2 minute read

7 Best eng

best eng

jos gaat naar school. daar is het huis op de hoek. jos staat stil. hij kijkt door het hek. de tuin is leeg. zou de hond ziek zijn? dan heeft hij geluk.

maar de hond is er wél. hij zit achter een boom. opeens komt hij eraan. rrof, rrof! blaft hij. jos doet vlug een stap terug. help! roept hij. hij gaat me pakken.

de hond staat bij het hek. hij blaft maar door. jos? roept een stem. het is roos. hij kent haar van school.

die hond, zegt jos. wat is er met die hond? vraagt ze. hij is boos, zegt jos bang. hij zegt rof. rof? vraagt roos. wat is dat? dat hij me wil pakken, zegt jos. dat hij me opeet. roos moet erg lachen. echt niet, zegt ze. hij blaft alleen maar.

roos gaat naar het hek. de hond staat er nog. hij gromt zacht. wat doe je nou? vraagt roos. blaf niet zo. de hond kijkt haar aan. je maakt jos bang, zegt roos.

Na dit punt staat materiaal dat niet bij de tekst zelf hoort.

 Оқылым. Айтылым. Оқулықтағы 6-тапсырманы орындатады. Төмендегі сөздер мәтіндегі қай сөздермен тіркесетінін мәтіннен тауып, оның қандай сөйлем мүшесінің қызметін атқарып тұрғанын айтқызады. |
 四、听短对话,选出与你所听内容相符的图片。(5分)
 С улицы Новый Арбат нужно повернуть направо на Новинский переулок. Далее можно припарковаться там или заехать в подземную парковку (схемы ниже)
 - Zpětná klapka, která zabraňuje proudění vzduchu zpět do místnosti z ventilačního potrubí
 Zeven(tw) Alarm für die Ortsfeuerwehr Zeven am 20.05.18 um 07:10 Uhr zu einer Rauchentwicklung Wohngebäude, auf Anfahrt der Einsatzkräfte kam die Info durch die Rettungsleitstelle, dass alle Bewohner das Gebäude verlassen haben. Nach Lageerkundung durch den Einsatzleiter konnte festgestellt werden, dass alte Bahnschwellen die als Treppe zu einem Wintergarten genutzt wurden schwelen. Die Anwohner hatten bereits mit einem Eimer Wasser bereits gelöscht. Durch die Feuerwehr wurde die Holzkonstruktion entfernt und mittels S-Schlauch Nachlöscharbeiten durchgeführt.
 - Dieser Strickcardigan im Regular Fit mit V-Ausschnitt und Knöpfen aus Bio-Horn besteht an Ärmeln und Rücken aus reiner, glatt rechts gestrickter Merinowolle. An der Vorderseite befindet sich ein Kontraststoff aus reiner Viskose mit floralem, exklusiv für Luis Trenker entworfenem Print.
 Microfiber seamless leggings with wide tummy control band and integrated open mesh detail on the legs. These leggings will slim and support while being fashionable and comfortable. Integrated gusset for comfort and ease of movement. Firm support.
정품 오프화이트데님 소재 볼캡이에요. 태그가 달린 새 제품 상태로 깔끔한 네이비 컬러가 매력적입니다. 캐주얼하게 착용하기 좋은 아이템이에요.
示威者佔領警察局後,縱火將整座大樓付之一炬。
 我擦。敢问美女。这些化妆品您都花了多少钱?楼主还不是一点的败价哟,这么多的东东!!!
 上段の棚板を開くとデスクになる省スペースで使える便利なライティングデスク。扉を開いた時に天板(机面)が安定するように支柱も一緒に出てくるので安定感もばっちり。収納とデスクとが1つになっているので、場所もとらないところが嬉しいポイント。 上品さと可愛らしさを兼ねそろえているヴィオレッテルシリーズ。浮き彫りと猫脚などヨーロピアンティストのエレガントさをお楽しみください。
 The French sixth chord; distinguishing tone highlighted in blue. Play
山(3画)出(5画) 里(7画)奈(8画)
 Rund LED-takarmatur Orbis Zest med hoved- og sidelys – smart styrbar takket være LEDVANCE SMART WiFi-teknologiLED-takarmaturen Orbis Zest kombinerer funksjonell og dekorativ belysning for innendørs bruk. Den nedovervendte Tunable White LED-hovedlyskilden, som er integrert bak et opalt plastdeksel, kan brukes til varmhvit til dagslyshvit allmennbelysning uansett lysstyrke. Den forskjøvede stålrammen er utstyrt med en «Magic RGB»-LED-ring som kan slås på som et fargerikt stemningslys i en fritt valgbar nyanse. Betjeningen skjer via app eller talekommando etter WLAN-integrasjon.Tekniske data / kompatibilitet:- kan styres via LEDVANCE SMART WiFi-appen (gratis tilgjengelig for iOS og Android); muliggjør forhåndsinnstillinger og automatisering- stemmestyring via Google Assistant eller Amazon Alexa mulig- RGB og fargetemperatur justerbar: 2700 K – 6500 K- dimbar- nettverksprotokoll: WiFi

ik was niet echt bang, zegt jos. het was maar een grapje. ja ja, zegt roos. ik zag het zelf. je was erg bang. maar dat geeft niks, hoor. ik ben ook wel eens bang. ben je echt wel eens bang? vraagt jos. voor wat dan? voor een beer, zegt roos.

in de klas gaan ze in de kring. wie is wel eens bang? vraagt juf. eerst steekt niemand zijn hand op. maar dan zegt roos: ik ben bang voor een beer. en u, juf? roept brit. waar bent u bang voor? ik word niet meer bang, zegt juf. dat komt omdat ik een groot mens ben.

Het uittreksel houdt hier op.